1.10 Handling missing data in R


Many research studies involve missing data – not all study variables are measured for on all study subjects. Most functions in R handle missing data appropriately by default, but a couple of basic functions require care when missing data are present. And it's always a good idea to check for missing data in a data set.

When inputting data directly into R, 'NA' is used to designate missing data. For example,

> xvar <- c(2,NA,3,4,5,8)

Creates a variable ('xvar') for a sample of 6 subjects, but the second subject is missing data for this variable. NA is also used to indicate missing data when R prints data:

> xvar

[1] 2 NA 3 4 5 8

When setting up a dataset using Excel, missing data can be represented either by 'NA' or by just leaving the cell blank in Excel. In either case, data will be treated as missing when imported into R.
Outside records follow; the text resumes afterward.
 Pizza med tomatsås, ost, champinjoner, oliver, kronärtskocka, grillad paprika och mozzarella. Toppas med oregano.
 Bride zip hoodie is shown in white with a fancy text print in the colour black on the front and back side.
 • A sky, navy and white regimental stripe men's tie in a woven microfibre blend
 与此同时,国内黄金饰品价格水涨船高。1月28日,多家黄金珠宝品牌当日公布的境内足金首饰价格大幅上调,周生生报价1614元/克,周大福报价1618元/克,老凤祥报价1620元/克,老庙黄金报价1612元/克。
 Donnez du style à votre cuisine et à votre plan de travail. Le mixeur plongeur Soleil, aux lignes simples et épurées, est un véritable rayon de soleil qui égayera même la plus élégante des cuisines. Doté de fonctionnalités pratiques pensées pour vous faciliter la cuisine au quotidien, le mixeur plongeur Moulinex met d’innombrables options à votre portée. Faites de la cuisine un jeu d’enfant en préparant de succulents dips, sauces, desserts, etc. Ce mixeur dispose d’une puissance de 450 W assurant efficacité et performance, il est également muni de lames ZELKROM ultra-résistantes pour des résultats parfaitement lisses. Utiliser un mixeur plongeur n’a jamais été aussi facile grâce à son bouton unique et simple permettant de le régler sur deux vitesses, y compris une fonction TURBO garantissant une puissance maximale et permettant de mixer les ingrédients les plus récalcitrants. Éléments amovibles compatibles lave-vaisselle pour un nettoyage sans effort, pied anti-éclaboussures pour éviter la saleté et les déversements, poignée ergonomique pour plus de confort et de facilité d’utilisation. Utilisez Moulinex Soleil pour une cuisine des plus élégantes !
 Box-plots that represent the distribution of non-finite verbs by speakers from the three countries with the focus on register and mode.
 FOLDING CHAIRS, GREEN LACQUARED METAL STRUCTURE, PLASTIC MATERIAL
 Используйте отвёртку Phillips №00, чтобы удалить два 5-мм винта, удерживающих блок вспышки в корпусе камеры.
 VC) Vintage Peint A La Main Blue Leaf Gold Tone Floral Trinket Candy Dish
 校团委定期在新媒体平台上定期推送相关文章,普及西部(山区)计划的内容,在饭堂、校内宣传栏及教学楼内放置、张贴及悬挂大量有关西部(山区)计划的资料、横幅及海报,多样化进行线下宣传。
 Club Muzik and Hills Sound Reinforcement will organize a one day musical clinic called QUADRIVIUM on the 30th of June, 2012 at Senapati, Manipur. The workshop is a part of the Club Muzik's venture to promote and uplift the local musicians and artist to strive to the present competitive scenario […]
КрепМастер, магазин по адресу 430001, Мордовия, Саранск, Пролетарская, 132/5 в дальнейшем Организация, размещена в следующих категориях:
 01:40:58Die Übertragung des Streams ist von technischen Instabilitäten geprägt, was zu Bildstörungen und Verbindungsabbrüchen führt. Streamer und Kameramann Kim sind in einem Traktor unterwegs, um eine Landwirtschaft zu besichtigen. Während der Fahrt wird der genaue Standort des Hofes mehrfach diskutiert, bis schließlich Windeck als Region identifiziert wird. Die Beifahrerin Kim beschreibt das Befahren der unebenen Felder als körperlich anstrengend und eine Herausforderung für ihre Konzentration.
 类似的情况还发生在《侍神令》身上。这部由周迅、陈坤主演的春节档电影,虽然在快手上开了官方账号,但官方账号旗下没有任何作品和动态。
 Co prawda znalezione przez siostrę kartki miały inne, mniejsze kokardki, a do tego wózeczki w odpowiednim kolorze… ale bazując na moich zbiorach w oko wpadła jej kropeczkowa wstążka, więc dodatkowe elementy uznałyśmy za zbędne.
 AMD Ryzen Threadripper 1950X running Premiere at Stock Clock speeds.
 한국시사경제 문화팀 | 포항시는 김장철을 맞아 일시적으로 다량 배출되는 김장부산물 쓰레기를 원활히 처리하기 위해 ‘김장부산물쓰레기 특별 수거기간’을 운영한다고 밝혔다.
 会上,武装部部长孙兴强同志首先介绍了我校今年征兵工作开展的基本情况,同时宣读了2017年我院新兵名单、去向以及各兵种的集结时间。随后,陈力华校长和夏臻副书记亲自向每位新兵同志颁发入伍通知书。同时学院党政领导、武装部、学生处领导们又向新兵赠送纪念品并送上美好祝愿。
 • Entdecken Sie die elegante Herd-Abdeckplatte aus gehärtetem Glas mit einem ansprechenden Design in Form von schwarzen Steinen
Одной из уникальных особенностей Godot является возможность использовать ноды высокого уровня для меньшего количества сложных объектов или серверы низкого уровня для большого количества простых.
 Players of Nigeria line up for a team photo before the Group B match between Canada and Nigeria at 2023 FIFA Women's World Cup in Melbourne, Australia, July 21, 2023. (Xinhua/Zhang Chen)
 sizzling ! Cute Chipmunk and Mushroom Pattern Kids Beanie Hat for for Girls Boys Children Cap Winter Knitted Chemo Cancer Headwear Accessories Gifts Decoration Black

To check for missing data with a measurement variable, we can use the 'summary( )' command,

> summary(xvar)

Min. 1st Qu. Median Mean 3rd Qu. Max. NA's

2.0 3.0 4.0 4.4 5.0 8.0 1.0

Along with the minimum value, first quartile (25th percentile), median, mean, 3rd quartile and maximum value, the summary command also lists the number of observations with missing data under the NA's column (here there is one subject with missing data). For a categorical variable, we can check for missing data using the 'useNA='always' option in the table( ) command (see sections 15 through 17 for more on the table( ) command):

> table(currsmoke,useNA='always')

currsmoke

0 1 <NA>

11 6 3

In this example of current smoking status, there are 11 non-smokers, 6 smokers, and 3 with missing data.

Most R functions appropriately handle missing data, excluding it from analysis. There are a couple of basic functions where extra care is needed with missing data.

The length( ) command gives the number of observations in a data vector, including missing data. For example, there were 6 subjects in the data set for the 'xvar' variable in the example above, although there were only 5 subjects with actual data and one had a missing value. Using the length( ) function gives

> length(xvar)

[1] 6

which can be misleading, since there are only 5 subjects with valid values for this variable. To find the number of non-missing observations for a variable, we can combine the length( ) function with the na.omit( ) function. The na.omit( ) function omits missing data from a calculation. So, listing the values of xvar gives:

> xvar

[1] 2 NA 3 4 5 8

while listing the non-missing values of xvar gives

> na.omit(xvar)

[1] 2 3 4 5 8

To find the number of non-missing observations for xvar,

> length(na.omit(xvar))

[1] 5

Another common function that does not automatically deal with missing data is the mean( ) function. Trying to calculate a mean for a variable with missing data gives the following:

> mean(xvar)

[1] NA

We can calculate the mean for the non-missing values the 'na.omit( )' function:

> mean(na.omit(xvar))

[1] 4.4

Some functions also have options to deal with missing data. For example, the mean( ) function has the 'na.rm=TRUE' option to remove missing values from the calculation. So another way to calculate the mean of non-missing values for a variable:

> mean(xvar, na.rm=TRUE)

[1] 4.4

See the help( ) function documents in R for options for missing data for specific analyses.